This exercise calls for the line with "According to the", the line with "efficient BYOD learning", and all lines between them in the material below, output exactly and with no other lines.

▸ **Data in this exercise**
..............................

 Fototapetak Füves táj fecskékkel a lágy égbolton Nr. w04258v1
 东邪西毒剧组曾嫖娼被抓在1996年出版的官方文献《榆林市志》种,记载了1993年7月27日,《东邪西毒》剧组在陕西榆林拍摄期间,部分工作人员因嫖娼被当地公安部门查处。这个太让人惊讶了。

..............................

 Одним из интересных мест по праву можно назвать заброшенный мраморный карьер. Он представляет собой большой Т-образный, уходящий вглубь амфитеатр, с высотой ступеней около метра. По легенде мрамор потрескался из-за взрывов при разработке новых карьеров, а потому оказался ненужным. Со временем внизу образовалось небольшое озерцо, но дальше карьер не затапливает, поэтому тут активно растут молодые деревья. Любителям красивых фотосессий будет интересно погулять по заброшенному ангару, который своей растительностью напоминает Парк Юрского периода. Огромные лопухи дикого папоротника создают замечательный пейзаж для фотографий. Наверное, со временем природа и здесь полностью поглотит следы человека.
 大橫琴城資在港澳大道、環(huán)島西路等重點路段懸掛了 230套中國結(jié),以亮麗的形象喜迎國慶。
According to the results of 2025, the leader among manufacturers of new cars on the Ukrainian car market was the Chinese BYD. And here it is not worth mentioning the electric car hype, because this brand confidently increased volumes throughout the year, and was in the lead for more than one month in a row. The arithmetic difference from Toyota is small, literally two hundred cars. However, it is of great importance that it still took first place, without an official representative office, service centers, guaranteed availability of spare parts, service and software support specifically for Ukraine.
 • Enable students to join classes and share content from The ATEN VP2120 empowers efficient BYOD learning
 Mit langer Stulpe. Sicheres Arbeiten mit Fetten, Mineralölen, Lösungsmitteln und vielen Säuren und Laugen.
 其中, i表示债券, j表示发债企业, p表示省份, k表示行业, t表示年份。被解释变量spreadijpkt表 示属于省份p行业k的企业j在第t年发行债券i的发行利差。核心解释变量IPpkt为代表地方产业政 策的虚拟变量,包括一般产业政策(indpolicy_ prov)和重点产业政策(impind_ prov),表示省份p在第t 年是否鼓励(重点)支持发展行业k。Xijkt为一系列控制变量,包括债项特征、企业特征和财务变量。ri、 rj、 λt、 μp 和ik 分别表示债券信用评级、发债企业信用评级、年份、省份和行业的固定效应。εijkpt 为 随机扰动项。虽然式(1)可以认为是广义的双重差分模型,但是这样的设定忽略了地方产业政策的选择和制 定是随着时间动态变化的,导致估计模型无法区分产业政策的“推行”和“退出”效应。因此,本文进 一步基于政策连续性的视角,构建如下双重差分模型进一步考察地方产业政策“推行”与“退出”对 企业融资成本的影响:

..............................

▸ **Your solution**
According to the results of 2025, the leader among manufacturers of new cars on the Ukrainian car market was the Chinese BYD. And here it is not worth mentioning the electric car hype, because this brand confidently increased volumes throughout the year, and was in the lead for more than one month in a row. The arithmetic difference from Toyota is small, literally two hundred cars. However, it is of great importance that it still took first place, without an official representative office, service centers, guaranteed availability of spare parts, service and software support specifically for Ukraine.
 • Enable students to join classes and share content from The ATEN VP2120 empowers efficient BYOD learning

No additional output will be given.